6)      removal of fracture screws which sometimes might require use of a trephine and bridging the last screw hole with a longer centromedullary stem.

The most frequent postoperative orthopedic problems would probably be leg length discrepancy, gluteus medius insufficiency, limping and pain at palpation of the trochanteric area.

Despite the difficult technique and the potential complications which are more important than for first-intention arthroplasties, our own local experience also demonstrate that bipolar hip prosthesis is a reliable solution for treating fixation failures of the upper femur.

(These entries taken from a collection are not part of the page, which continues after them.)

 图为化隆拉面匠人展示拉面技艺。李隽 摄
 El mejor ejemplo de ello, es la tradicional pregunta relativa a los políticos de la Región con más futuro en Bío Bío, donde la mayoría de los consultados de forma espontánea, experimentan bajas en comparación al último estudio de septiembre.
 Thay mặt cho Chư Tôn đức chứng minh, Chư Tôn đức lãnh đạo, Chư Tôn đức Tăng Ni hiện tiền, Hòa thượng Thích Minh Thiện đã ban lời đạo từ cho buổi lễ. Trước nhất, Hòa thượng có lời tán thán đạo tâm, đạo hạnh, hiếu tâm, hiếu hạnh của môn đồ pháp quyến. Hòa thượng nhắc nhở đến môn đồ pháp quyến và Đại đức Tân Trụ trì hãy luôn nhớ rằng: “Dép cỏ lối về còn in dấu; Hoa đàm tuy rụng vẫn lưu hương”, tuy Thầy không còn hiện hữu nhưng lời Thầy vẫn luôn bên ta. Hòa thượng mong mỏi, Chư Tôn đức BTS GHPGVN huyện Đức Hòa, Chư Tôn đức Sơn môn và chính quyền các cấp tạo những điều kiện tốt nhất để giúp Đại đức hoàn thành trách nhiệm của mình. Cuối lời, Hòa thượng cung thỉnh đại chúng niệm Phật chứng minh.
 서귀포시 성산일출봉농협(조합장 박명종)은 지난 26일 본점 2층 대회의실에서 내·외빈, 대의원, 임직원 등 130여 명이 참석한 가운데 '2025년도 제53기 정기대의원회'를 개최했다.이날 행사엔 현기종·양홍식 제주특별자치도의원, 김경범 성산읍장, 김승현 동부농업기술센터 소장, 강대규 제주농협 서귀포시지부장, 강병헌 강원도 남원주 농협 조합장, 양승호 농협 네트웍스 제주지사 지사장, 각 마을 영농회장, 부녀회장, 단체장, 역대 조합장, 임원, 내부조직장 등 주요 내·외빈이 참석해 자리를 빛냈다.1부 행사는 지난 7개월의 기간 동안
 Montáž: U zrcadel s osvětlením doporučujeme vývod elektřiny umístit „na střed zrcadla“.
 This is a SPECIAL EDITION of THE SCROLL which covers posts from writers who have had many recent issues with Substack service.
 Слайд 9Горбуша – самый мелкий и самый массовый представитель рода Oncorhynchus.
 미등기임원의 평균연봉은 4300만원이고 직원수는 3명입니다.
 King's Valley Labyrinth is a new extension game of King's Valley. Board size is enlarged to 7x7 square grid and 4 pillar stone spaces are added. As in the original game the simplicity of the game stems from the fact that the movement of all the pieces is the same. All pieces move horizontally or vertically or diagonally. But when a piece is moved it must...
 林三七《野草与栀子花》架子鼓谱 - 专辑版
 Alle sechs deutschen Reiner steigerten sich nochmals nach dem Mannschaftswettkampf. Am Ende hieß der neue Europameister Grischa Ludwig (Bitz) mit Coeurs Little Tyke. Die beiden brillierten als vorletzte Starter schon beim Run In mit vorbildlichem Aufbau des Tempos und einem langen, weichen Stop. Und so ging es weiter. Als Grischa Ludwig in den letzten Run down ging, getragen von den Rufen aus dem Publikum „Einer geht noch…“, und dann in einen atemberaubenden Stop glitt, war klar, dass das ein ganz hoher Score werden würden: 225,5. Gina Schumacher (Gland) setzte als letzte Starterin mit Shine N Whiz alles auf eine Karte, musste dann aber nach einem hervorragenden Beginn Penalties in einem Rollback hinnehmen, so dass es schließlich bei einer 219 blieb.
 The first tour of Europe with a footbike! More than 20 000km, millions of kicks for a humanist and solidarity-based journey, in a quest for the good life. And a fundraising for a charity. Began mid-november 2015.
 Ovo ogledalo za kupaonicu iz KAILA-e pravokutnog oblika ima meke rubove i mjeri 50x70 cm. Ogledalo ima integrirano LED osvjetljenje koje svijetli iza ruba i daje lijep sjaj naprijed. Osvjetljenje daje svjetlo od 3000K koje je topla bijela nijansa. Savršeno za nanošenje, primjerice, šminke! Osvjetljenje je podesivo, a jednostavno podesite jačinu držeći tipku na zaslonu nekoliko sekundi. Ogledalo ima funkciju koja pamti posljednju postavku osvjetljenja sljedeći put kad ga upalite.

Outcome of Primary Total Hip Arthroplasty : Cementless Femoral Stem

As well as many other worldwide surgeons, I report excellent intermediate to long-term results in association with the use of tapered stems inserted without cement during primary total hip arthroplasty.

Component malpositioning, particularly varus, has been associated with higher failure rates.

Min et al. reviewed a consecutive series of ninety-eight arthroplasties that had been performed with a cementless tapered-wedge stem; the mean duration of follow-up was 7.7 years.

The stem position was

  • neutral in 63% of the hips,
  • valgus in 21%, and
  • varus in 16%.

No revision was done.

There was no difference among the three groups in terms of the Harris hip score or the prevalence of thigh pain.

Similar bone remodeling changes were observed in all patients, regardless of stem position.

As well as these authors, I conclude that varus position does  not adversely affect fixation durability or clinical outcome.